キャスティング・ア・グランス(2007)
casting a glance
監督:ジェイムズ・ベニング
評価:80点
おはようございます、チェ・ブンブンです。
美術史の勉強でロバート・スミッソンの勉強をする中でジェイムズ・ベニングの『キャスティング・ア・グランス』とスミッソンの『スパイラル・ジェティ』を観た。『スパイラル・ジェティ』があまりにも強烈な作品で、スミッソンの死後の世界を定点観察したようなジェイムズ・ベニングの『キャスティング・ア・グランス』は面白いものの、霞んでしまったのだが、後から調べると衝撃の事実が明らかとなった。
『キャスティング・ア・グランス』あらすじ
1970年代初頭から個人制作による唯一無二のスタイルで映画作品やインスタレーションなどを制作してきたアメリカの実験映画作家ジェームズ・ベニングが、現代美術家ロバート・スミッソンによるユタ州ソルトレイクのランドアート作品「スパイラル・ジェティ」を撮影した作品。
スミッソンが1970年に制作したスパイラル・ジェティは、長い年月の間に湖の水位の変化とともに水没と出現を繰り返し、その色も変化した。ベニング監督は2005年から2年間で16回にわたって同地を訪れて撮影を行い、スパイラル・ジェティの35年間の軌跡をシミュレートした。

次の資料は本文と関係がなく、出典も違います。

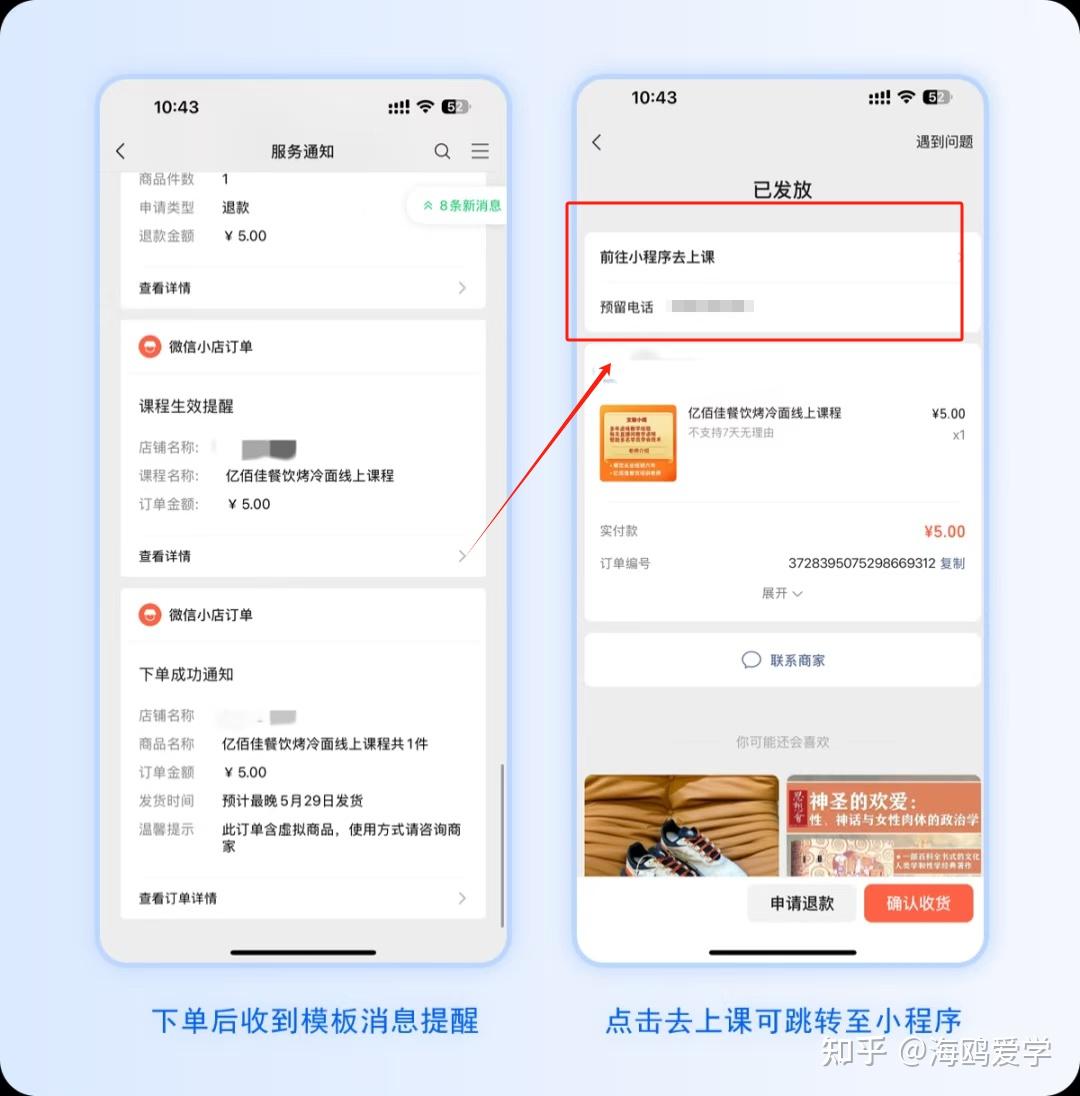 微信小店卖课全流程!雁小知变现神器让学员下单自动接收上课短信链接
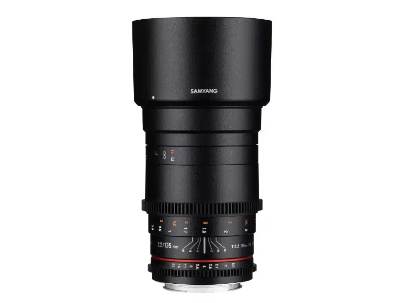 Utilizing a multi-layer coating process for consistent color rendition from lens to lens the Samyang 135mm T2.2 VDSLR II Lens answers the challenge of assembling a set of lenses over time. Features industry standard geared focus and iris rings that share common position with other Samyang VDSLR II lenses. To aid focus pullers who have to work both sides of the lens, the aperture and focus scales are marked on both sides of the lens.
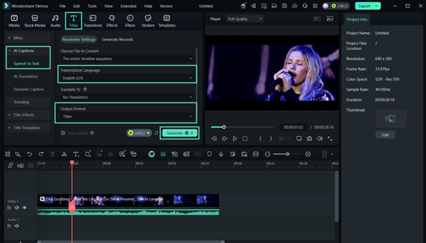 - Step 2. Navigate Speech to Text Function. At the “Title” section, pick the “AI Captions” tab to choose the “Speech to Text” option. Now, select the “Transcription Language” and choose “Output Format” to hit the “Generate” button.
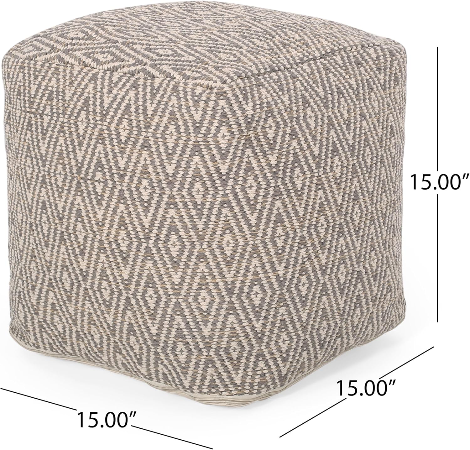 GDFStudio Boho Handmade Fabric Cube Pouf Ottoman Foot Stool - Bean Bag Floor Chair - Foot Rest Couch for Living Room Bedroom, Beige and Yellow,15"" x 15"" x 15"", 312183N
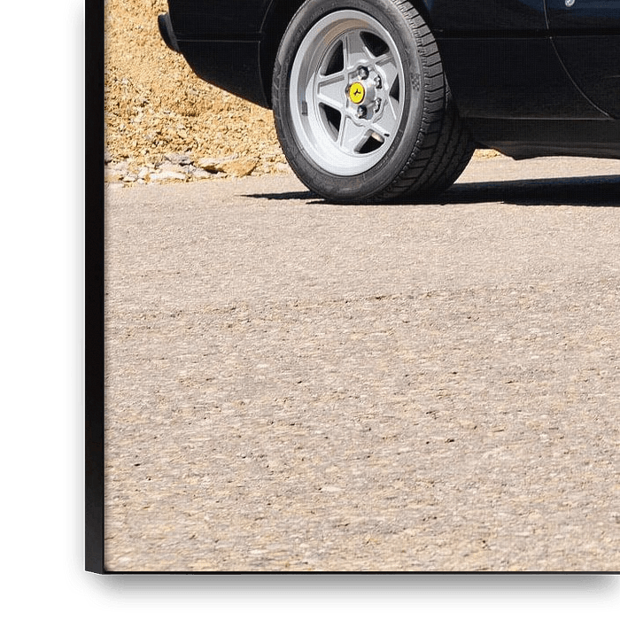 Ferrari 308 GTB sports car in black parked in the paddock. The 308 is a V8 mid-engined, two-seater sports car made by Ferrari from 1975 to 1985 and was available as coupe and targa (GTS).

ロングショットを多用することで知られるベニング監督だが、本作では珍しくクローズショットも使用している。特集上映「ジェイムズ・ベニング2023 アメリカ/時間/風景」(23年10月7~13日、シアター・イメージフォーラム)上映作品。
スミッソン、あとは俺に任せな!
スミッソンの「スパイラル・ジェティ」は、ユタ州グレート・ソルトレークの人里離れた場所に6トン半もの岩石や土を運び込み作られた螺旋状の空間に形成される塩の結晶や潮の満ち引きで水没する様など時間をかけて現出する光景がアートとなっており、単にそこへ行くだけで評価することのできない壮大さを持っている。『キャスティング・ア・グランス』は
1970年9月25日とテロップが表示され、日記形式で移ろいゆく「スパイラル・ジェティ」の姿を捉えていき、2007年5月15日に着地する。30年以上の軌跡を追った作品なのかと思ったら、これにはギミックがある。実際には2005年から2年間で16回訪れて撮影した、「スパイラル・ジェティ」に対して「1970年9月25日」などと偽の日時を当てはめ、スミッソンの哲学を表現しようとした作品なのである。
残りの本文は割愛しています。